I am travelling a lot, and as you must know, travelling with external hard drives, is heavy, and mostly unsafe. If anything happens to your hard drive, you will lose all your precious travel memories. Google One and its Google Photo app are very good, but you cannot store your videos in full definition, and you have to pay a monthly fee. Not ideal when you want to store a massive quantity of 4K videos.
Because of this, a few years ago I decided to set up my own Home Server, aka NAS. I used old components from my previous PC, and others were found second-hand. I prefer to save my money to travel. ๐ค
I use it mainly for storing my photos and video and my files. In this NAS I have one M2 SSD drive for the system and temporary files, and 4 disks of 2TB, in RAID5, which means that I had a failure tolerance of one drive and could use 6TB of storage. This was enough size for my usage, and it was accessible from everywhere, 24/7. The dream.
Until that one day when I could not access it. ๐คฏ
I tried to recover the best I could, but between the fact that 2 drives were down, and LVM on top of it, because of a bad choice made a long time ago. That was impossible.
What probably happened is that one day, a disk silently crashed. I was sure I set up email notifications, but I never received anything about it. The system continued working on 3 disks. Until a few days ago when a second disk crashed, and I lost it all.
Changing the drives
Anyway, it was time for me to grieve my lost data, and be grateful for the few was hanging on another computer or with still copy of it on an SD card.

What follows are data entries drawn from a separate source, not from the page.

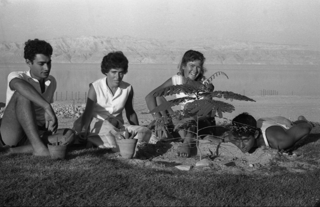 מצטלמים באהבה יחד עם עץ הצאלון הראשון שניטע בעין גדי.
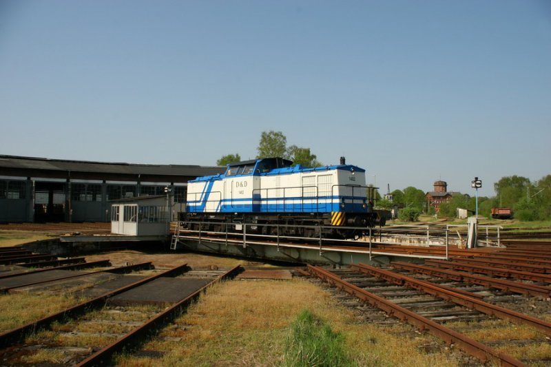 21.06.2006 D & D 1404 (alte 202 735-7) Bj. 1974, 12.06.2006 modernisiert steht im ehem. Bw Hagenow Land an der Drehscheibe
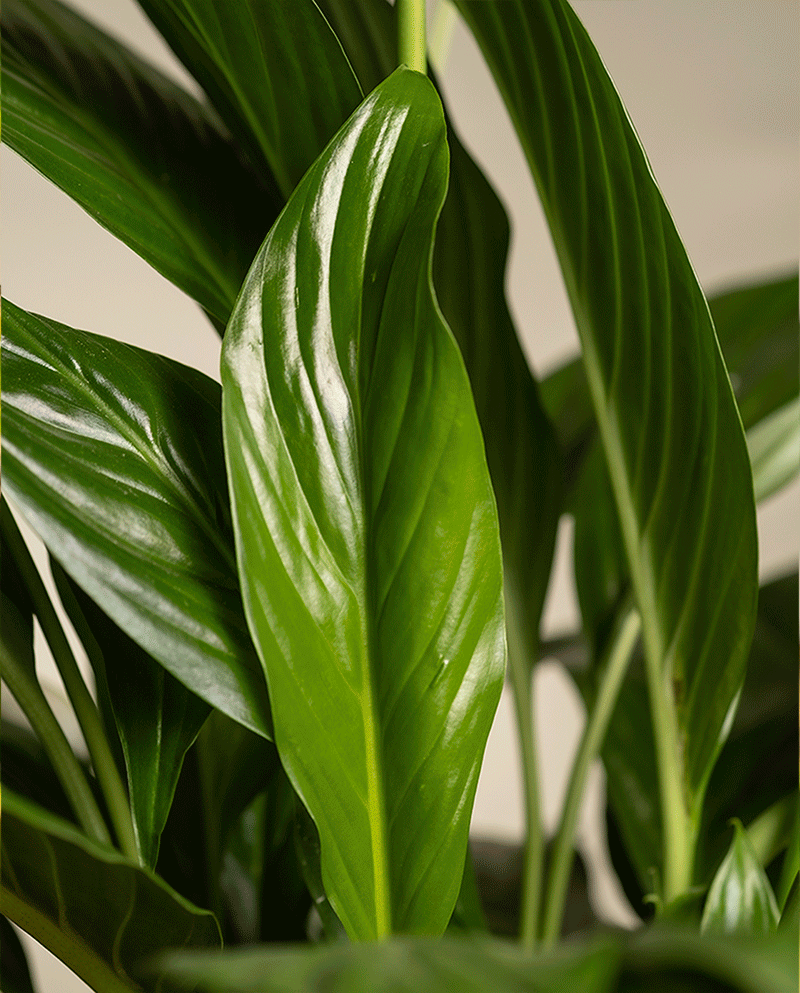 Nahaufnahme von leuchtend grünen Blättern mit ausgeprägten Adern und glänzender Textur, die die längliche Form von Nematoden gegen Trauermücken Zimmerpflanzen vor einem neutralen Hintergrund hervorheben.

Then I put everything out and remove the 2 faulty drives. I had 2 x 12TB external hard drive laying around from when mining CHIA was a thing. I decided to use them so this repair will not cost me any additional money.
As you realised by now, I have a heterogenous drive configuration :
2x2TB
2x12TB
We could use it in RAID in a 2xRAID1 configuration, but we will lose half of the drives in capacity.
My thoughs about Raid solutions
On Paper, Raid is a great system for a NAS. We are losing one or 2 drives' capacity, depending if we choose RAID5 or RAID6 in exchange for 1 or 2 drive failure tolerance.
Every time you write a file in a RAID5 Array, every block of it is written in a different drive, with its parity information stored in the parity drive.
Now if like me you are losing 2 drives, well you lose everything.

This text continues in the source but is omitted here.